# Rumor: Andre Miller for Rip Hamilton



## Coatesvillain (Jul 17, 2002)

It's a rumor that's being floated on a few message boards, and I'm not sure how legit it is. It would be a sign & trade, and would most likely move Thad to the bench and leave the Sixers looking for a starter at the point.

I wouldn't mind it. It would give the Sixers another capable scorer, and Thad could still get his minutes (between the 3 and 4).

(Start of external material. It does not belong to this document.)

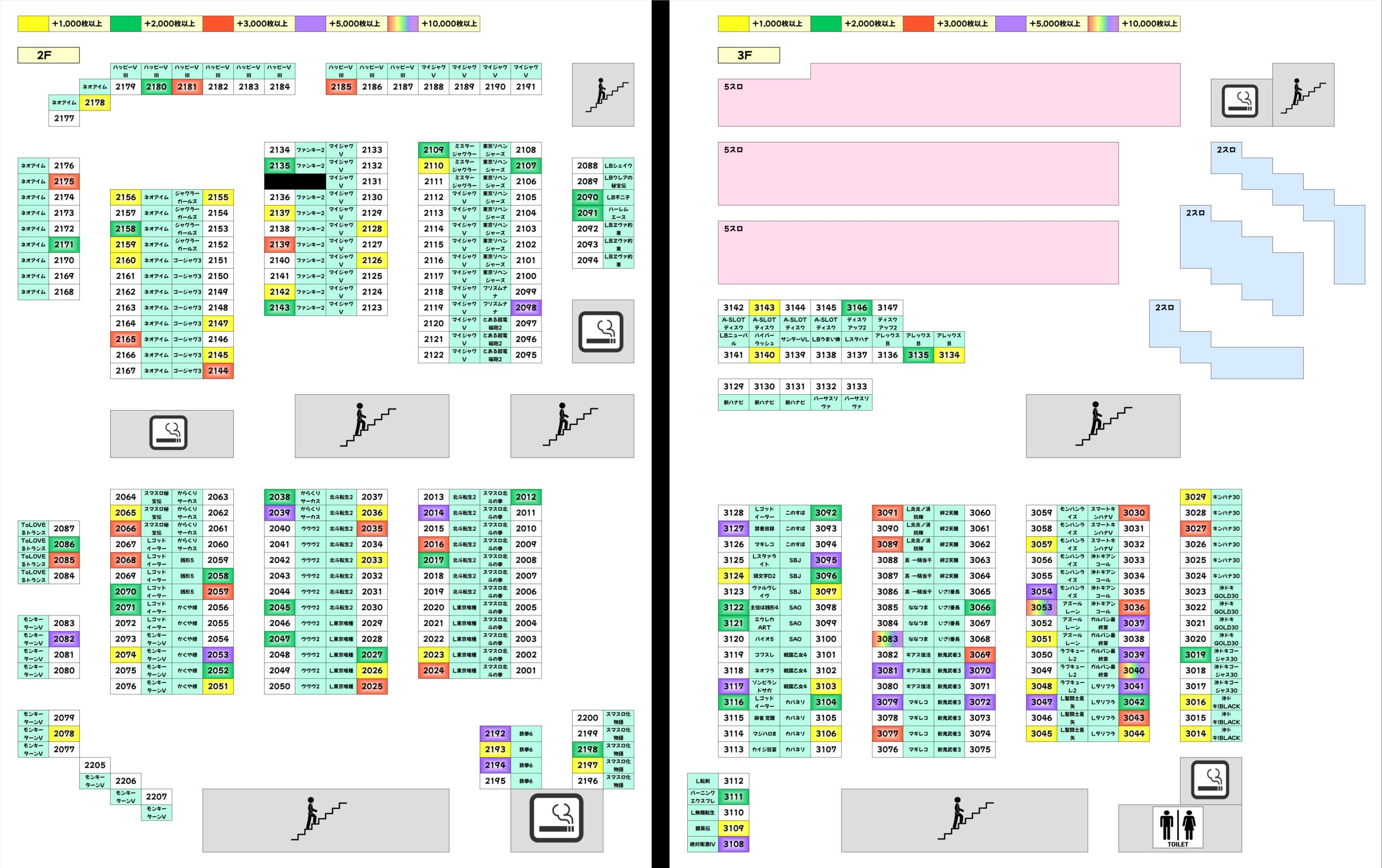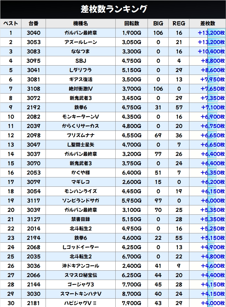 今回、上位30機種のうち、18台が3階から出てきたものです。高配分仕掛けがかなりあったこと、万枚が3台も出ているとはいえ、かなり強かったのも事実。3台設置でもしっかり投入してくるのが、渋谷本館の日曜と言えます。好きな機種があるならぜひ狙ってみましょう。

My complaint is the years Rip has left, but he would be a good fit in this offense.

The question is whether or not the Sixers could land a guy like Mike Bibby (or if he's not available Rafer Alston) for the MLE for a short deal?


----------



## Chan Ho Nam (Jan 9, 2007)

Detroit could definately use a real PG, but Rip is our top scorer, i guess Afflalo can use some minutes


----------



## Damian Necronamous (Jun 10, 2002)

Ty Lawson (#17)...Louis Williams
Rip Hamilton...Willie Green
Andre Iguodala...Jason Kapono
Elton Brand...Thaddeus Young...Jason Smith
Samuel Dalembert...Marreese Speights

This would make the Sixers an awesome team, IMO. Hamilton, Brand and Iggy is a sick threesome and Williams, Kapono, Young and Speights would give you maybe the best bench in the league. Automatic #4 seed in the East, at least.


----------



## TheTruth34 (Jul 22, 2006)

I like Rip, but who'd play your point guard position?
what if you somehow acquired manu in a sign and trade.
would that be enough to entice jason kidd into coming to philly? (he reportedly wants to leave dallas)

Dalembert
Brand
Young
Manu
Kidd

would you guys task that risk with age and everything? 
personally it'd be risky, but i have a feeling kidd and manu could be lethal together, brand just has to play to his potentiol, dalembert must work on defense and young offers you a versatile young player thats always key in championship runs. Of course this team may have had a chance a year or two ago, but now with the top teams stacking talent idk if it can survive boston, cleveland and orlando in the playoffs and beat, san antonio/los angeles in the finals.


----------



## Coatesvillain (Jul 17, 2002)

Kidd is done. Kaput.

You have to do too much to cover for him, for him to help anyone as a starter. Also the Sixers have nothing the Spurs would want for Manu (that would also work cap-wise).


----------